The Moro Islamic Liberation Front, according to its spokesman, is not going to fire the first shot in protest over the Supreme Court ruling declaring the Memorandum of Agreement on Ancestral Domain unconstitutional. The MILF, Eid Kabalu reiterated, also remained open to the resumption of peace negotiations, which collapsed after the government aborted the signing of the controversial MOA-AD.
Kabalu’s statement is welcome, but events in the past years give no guarantee that his group can back his reassurance. The MILF leadership could not control two of its commanders who went on a rampage after the signing of the MOA-AD was stopped by the Supreme Court with a restraining order. Those two commanders remain at large, and MILF leaders have refused to turn them in. The lame promise of the MILF leadership is that the two commanders will face the group’s brand of justice. So far there has been no progress in this area and the two commanders, Ameril Umbra Kato and Abdu-rahman Macapaar, alias Bravo, are still being hunted down by government forces.

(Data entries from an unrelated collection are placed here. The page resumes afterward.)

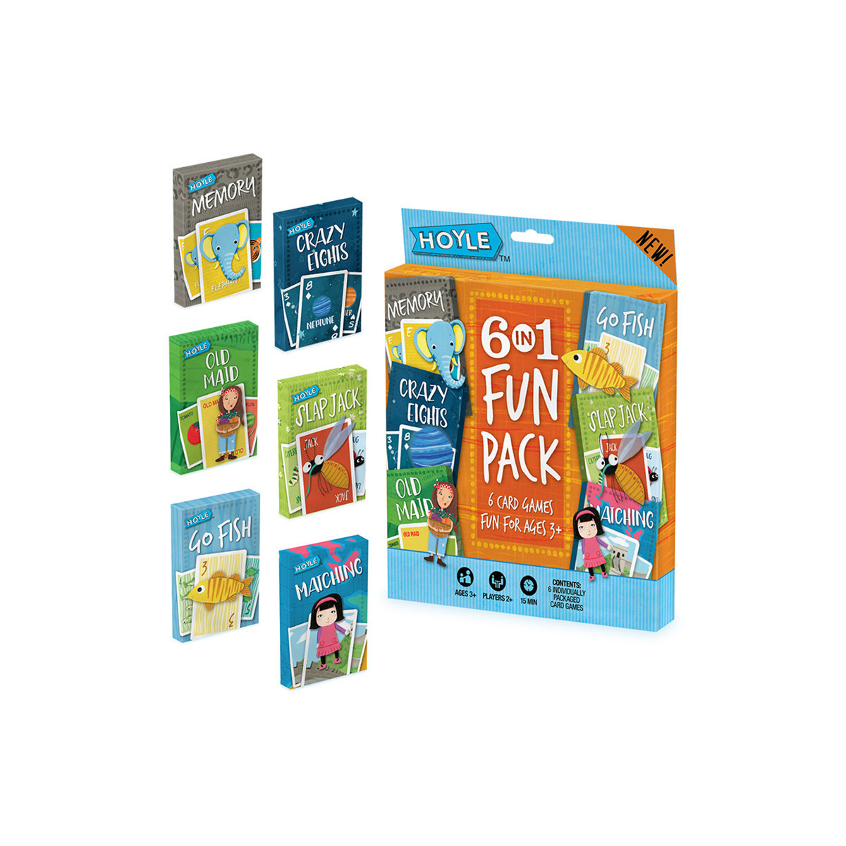 6-pack features a few of your favorite games – and some you'll delight in learning along with your young ones. Go Fish, Slap Jack, Memory, Matching, Old Maid, and Crazy Eights
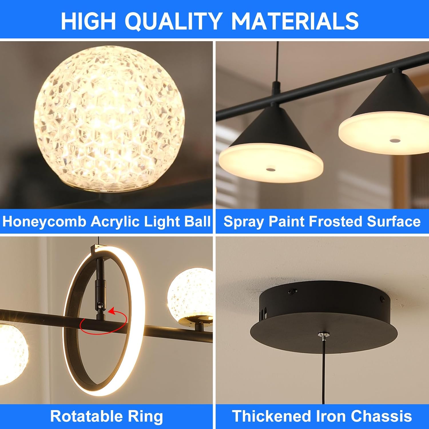 ✅ Factory Direct Supply + Cost-effective: Crafted with high-quality alloy aluminum and a durable spray paint finish, this chandelier is corrosion-resistant and long-lasting. The 3 thickened acrylic honeycomb balls and 3 conical lampshades provide soft, diffused light that mimics natural daylight for a comfortable ambiance.
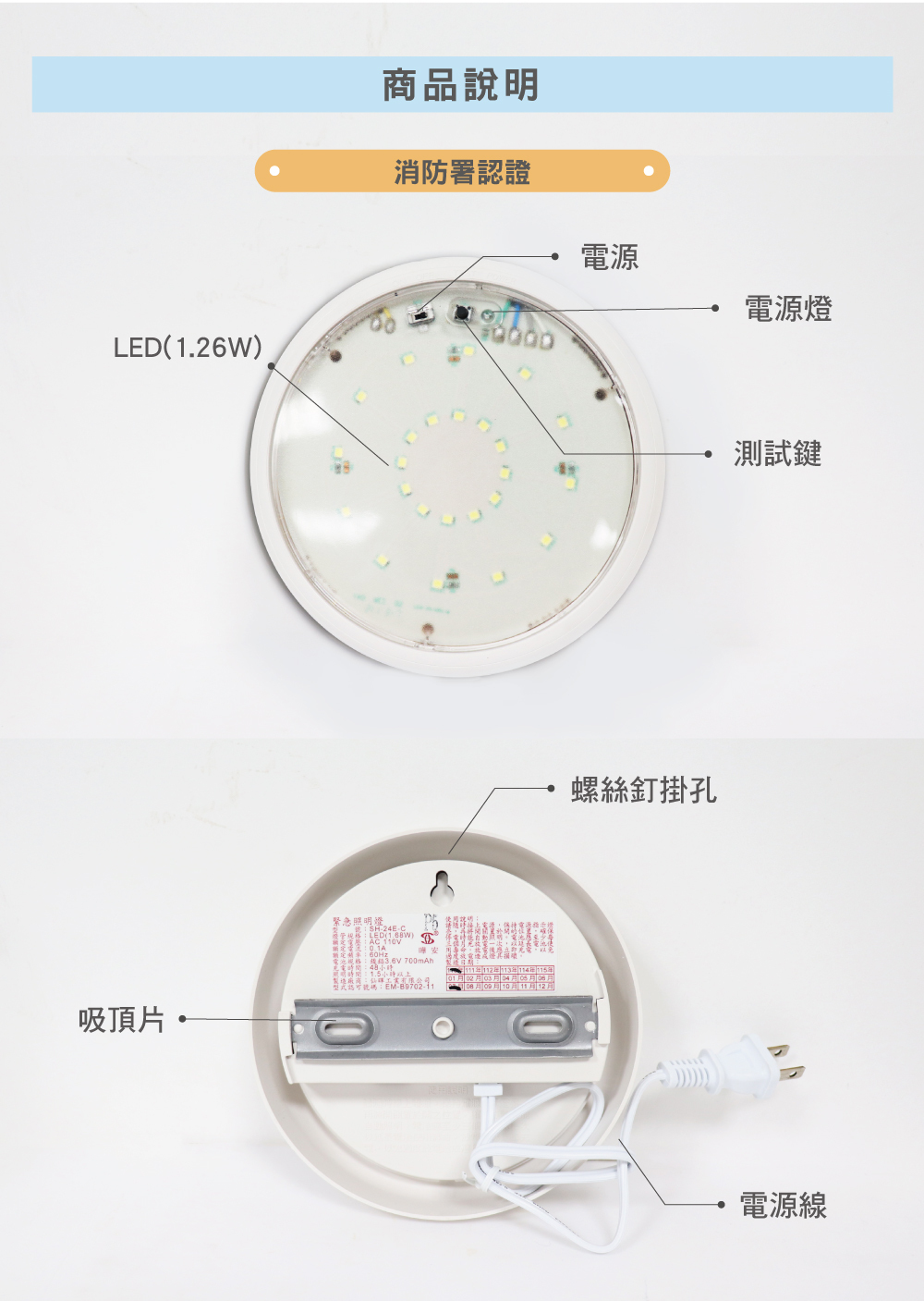 時尚圓形LED緊急照明燈-24顆(緊急照明90分,內建吸頂片)|正德防火
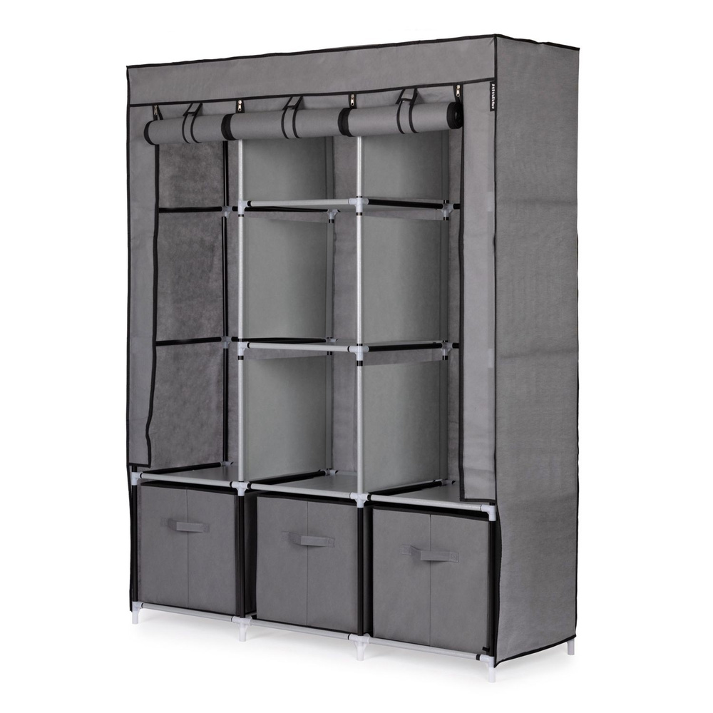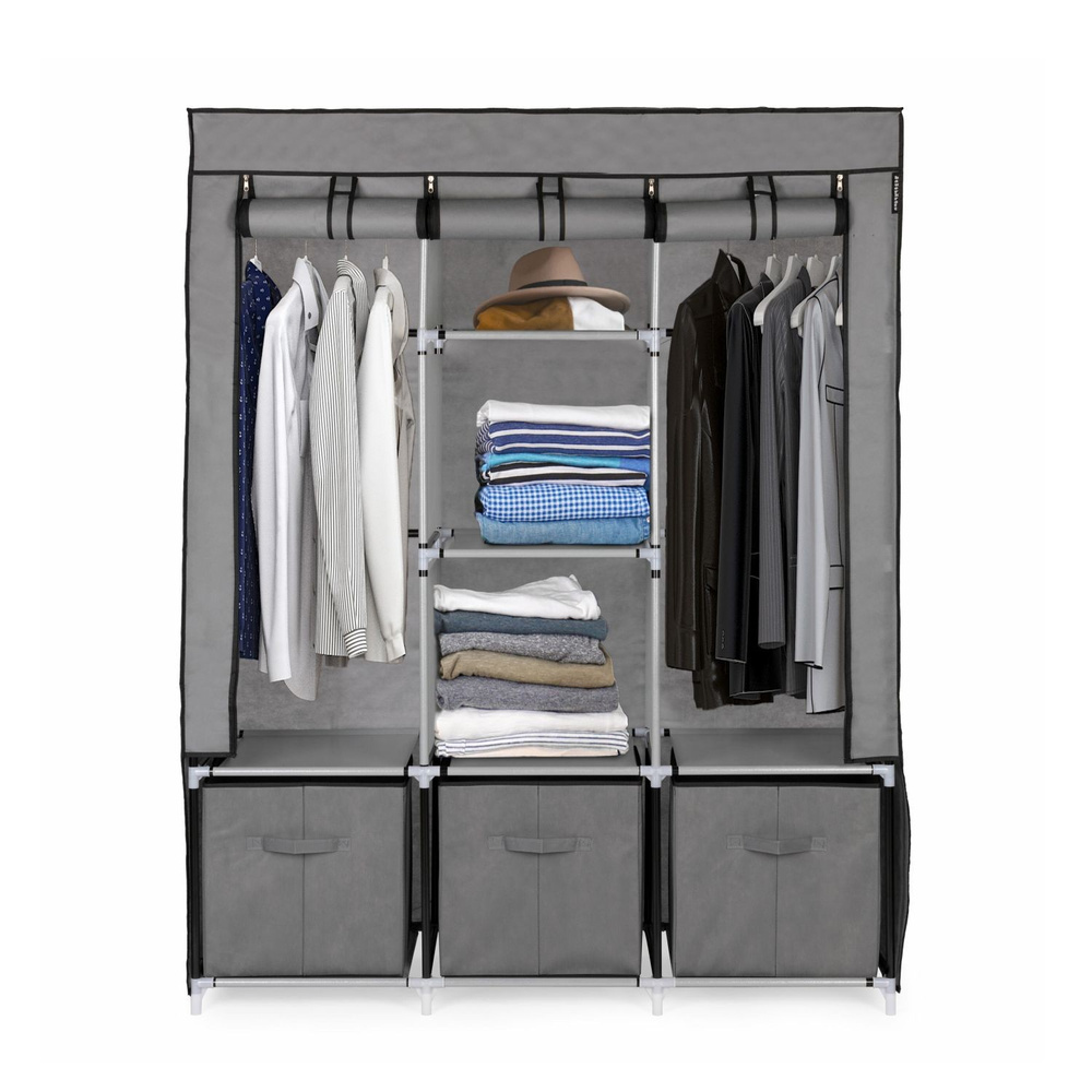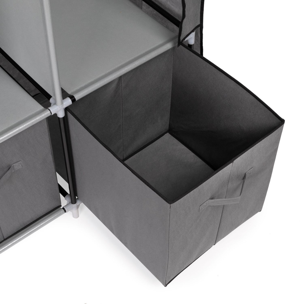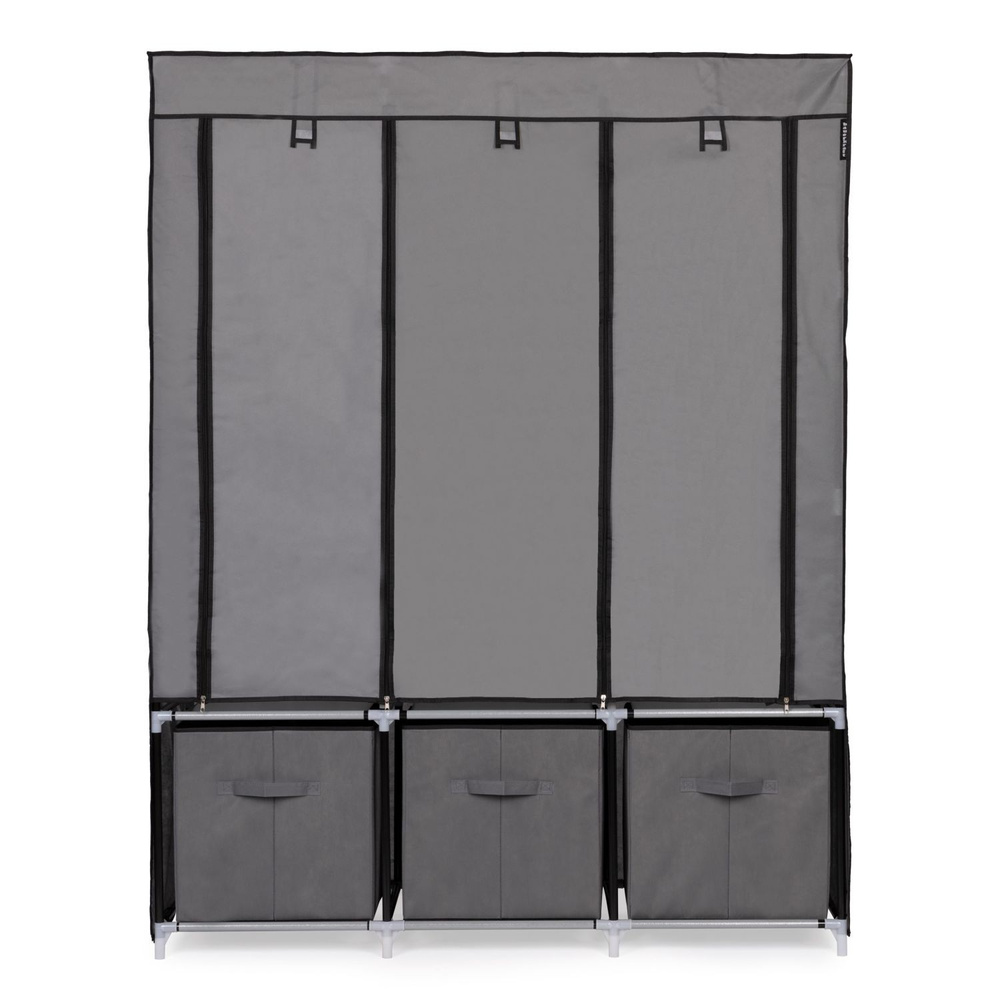 Meble tekstylne to prosty i ekonomiczny sposób na przechowywanie odzieży. Szafa posiada lekką konstrukcję, dlatego jest to idealny zamiennik do tradycyjnych, ciężkich mebli. Produkt jest szybki i łatwy do złożenia i rozłożenia. Metalowy stelaż wykonany jest z wysokiej jakości materiałów, dzięki czemu produkt jest stabilny. Poszycie wykonane jest z oddychającego materiału, zapewniającego wewnątrz odpowiednią cyrkulację powietrza. Dodatkowo półki pokryte są specjalną powłoką, która zapobiega ich zabrudzeniu.

The peace negotiations will likely resume, although the signing of a final peace agreement under the Arroyo administration becomes more remote with the Supreme Court ruling, and as the passing days turn the President into a lame duck. The resumption can be helped along if MILF leaders finally show some leadership and turn in Kato and Bravo. At the very least, the MILF leadership must be true to Kabalu’s vow that the separatist group will not initiate hostilities over the SC ruling.
After the ruling was handed down, the MILF bared plans to take the MOA-AD controversy to the United Nations and the Organization of Islamic Conference. The MOA-AD, Kabalu reiterated, is “a done deal” and must be honored by the government. This is precisely the situation that the petitioners in the SC case were trying to avoid when they sought to have the MOA-AD declared unconstitutional. The MILF should just stick to its promise, made through Kabalu, that the group will not initiate hostilities in Mindanao. That is the essence of peace.